OpenAlex API in Python

OpenAlex API in Python#

by Michael T. Moen

Please see the following resources for more information on API usage:

Documentation
Terms
- OpenAlex Terms of Service
Data Reuse
- OpenAlex License: The OpenAlex dataset is free under CC0 license.

NOTE: Please see access details and rate limit requests for this API in the official documentation.

These recipe examples were tested on April 8, 2026.

Setup#

Import Libraries#

The following external libraries need to be installed into your environment to run the code examples in this tutorial:

We import the libraries used in this tutorial below:

from collections import Counter
import os
from pprint import pprint
from time import sleep

from dotenv import load_dotenv
import matplotlib.pyplot as plt
import requests

Import API Key#

An API key is required to access the OpenAlex API. Please see the Authentication & Pricing page for instructions on how to obtain one.

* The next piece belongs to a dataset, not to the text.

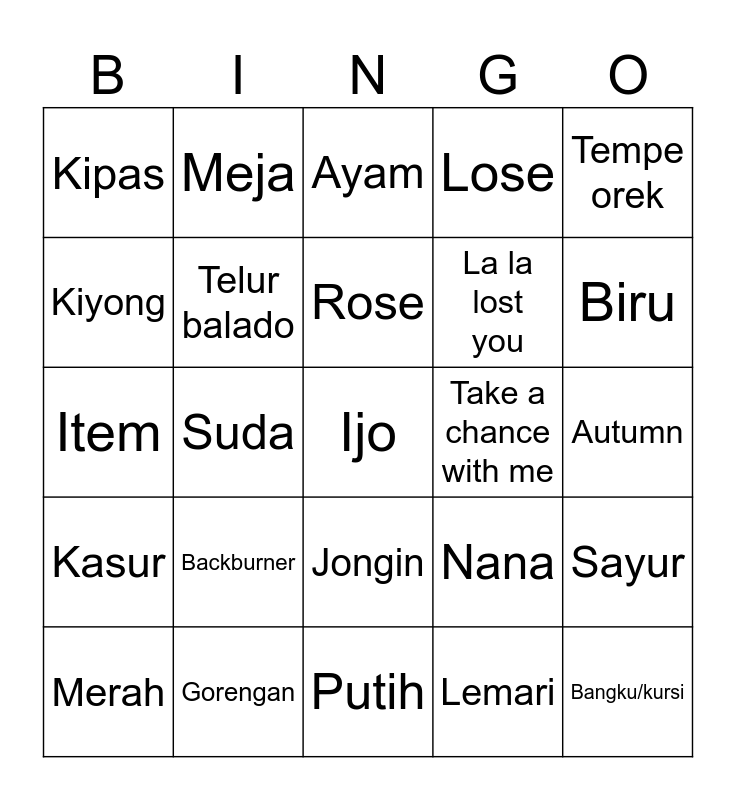 This bingo card has 25 words: Backburner, Putih, Rose, Merah, Tempe orek, Kipas, Kiyong, Meja, Take a chance with me, Jongin, La la lost you, Item, Nana, Sayur, Telur balado, Bangku/kursi, Autumn, Ayam, Biru, Suda, Ijo, Gorengan, Kasur, Lose and Lemari.

We keep our API key in a .env file and use the dotenv library to access it. If you would like to use this method, create a .env file and add the following line to it:

OPENALEX_API_KEY="YOUR-API-KEY-HERE"

load_dotenv()
try:
    API_KEY = os.environ["OPENALEX_API_KEY"]
except KeyError:
    print("API key not found. Please set 'OPENALEX_API_KEY' in your .env file.")

OpenAlex Snapshot#

OpenAlex also offers a database download that is updated monthly. This option may be more useful than the API when working with larger datasets and when up-to-date data is unimportant.

More information can be found here.

1. Simple Queries#

The OpenAlex API has a works endpoint that can be used to search for works using a query. In this example, we’ll consider several different queries. More information on search queries can be found here.

Simple Title Query#

This first example will search for the term “geodetics”:

BASE_URL = 'https://api.openalex.org/'
endpoint = 'works'
filters = 'title.search:"geodetics"'
params = {
    'filter': filters,
    'api_key': API_KEY
}
geodetics_data = requests.get(BASE_URL + endpoint, params=params).json()

# Display resulting metadata
geodetics_data['meta']

{'count': 14044,
 'db_response_time_ms': 14,
 'page': 1,
 'per_page': 25,
 'groups_count': None,
 'cost_usd': 0.001}

The count in the output above tells us how many works have been published by UA authors.

It’s also important to note that the data returned by this API request is just the first page of size 25. That means that in order to obtain the data for all works in data_retrieved['results'], we must page through this data.

Each work obtained in the query will have the following structure:

pprint(geodetics_data['results'][0], depth=1)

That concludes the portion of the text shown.